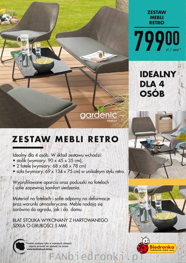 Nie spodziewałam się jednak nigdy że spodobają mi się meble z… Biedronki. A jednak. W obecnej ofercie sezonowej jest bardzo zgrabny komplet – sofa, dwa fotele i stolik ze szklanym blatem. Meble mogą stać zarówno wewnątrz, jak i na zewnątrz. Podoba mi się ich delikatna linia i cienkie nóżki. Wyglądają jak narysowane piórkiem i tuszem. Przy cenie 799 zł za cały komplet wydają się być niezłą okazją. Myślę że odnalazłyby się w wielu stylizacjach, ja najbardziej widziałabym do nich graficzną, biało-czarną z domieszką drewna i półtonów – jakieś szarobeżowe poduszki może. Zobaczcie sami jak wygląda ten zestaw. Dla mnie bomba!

...

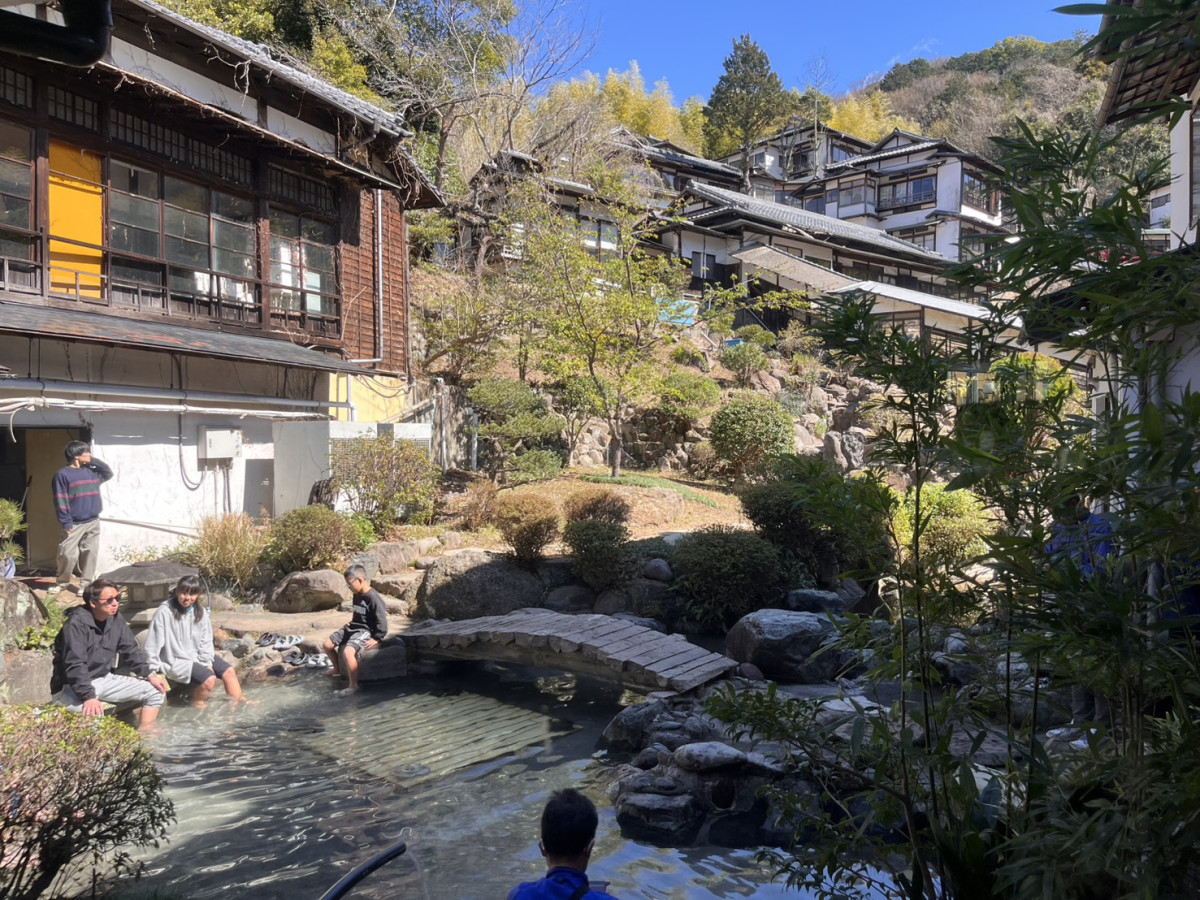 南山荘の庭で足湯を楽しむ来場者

---

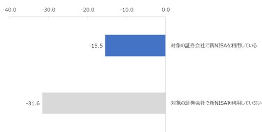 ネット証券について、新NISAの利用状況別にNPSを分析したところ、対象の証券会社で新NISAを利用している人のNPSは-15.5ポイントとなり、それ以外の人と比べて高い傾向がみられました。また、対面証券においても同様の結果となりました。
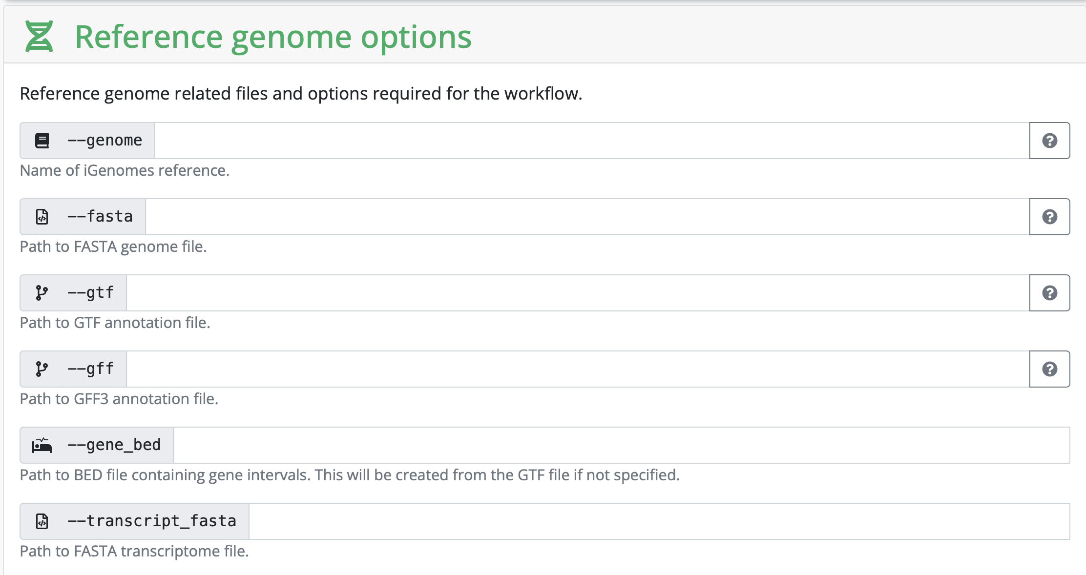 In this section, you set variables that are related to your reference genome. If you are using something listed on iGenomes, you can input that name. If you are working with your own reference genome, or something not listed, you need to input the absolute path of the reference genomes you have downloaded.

THE TASK:
Leave out every picture, and copy exactly the lines above starting at the one holding "ネット証券について、新NIS" and ending at the one holding "In this section, you", no more and no less.

RESULT OF THE TASK:
 ネット証券について、新NISAの利用状況別にNPSを分析したところ、対象の証券会社で新NISAを利用している人のNPSは-15.5ポイントとなり、それ以外の人と比べて高い傾向がみられました。また、対面証券においても同様の結果となりました。
 In this section, you set variables that are related to your reference genome. If you are using something listed on iGenomes, you can input that name. If you are working with your own reference genome, or something not listed, you need to input the absolute path of the reference genomes you have downloaded.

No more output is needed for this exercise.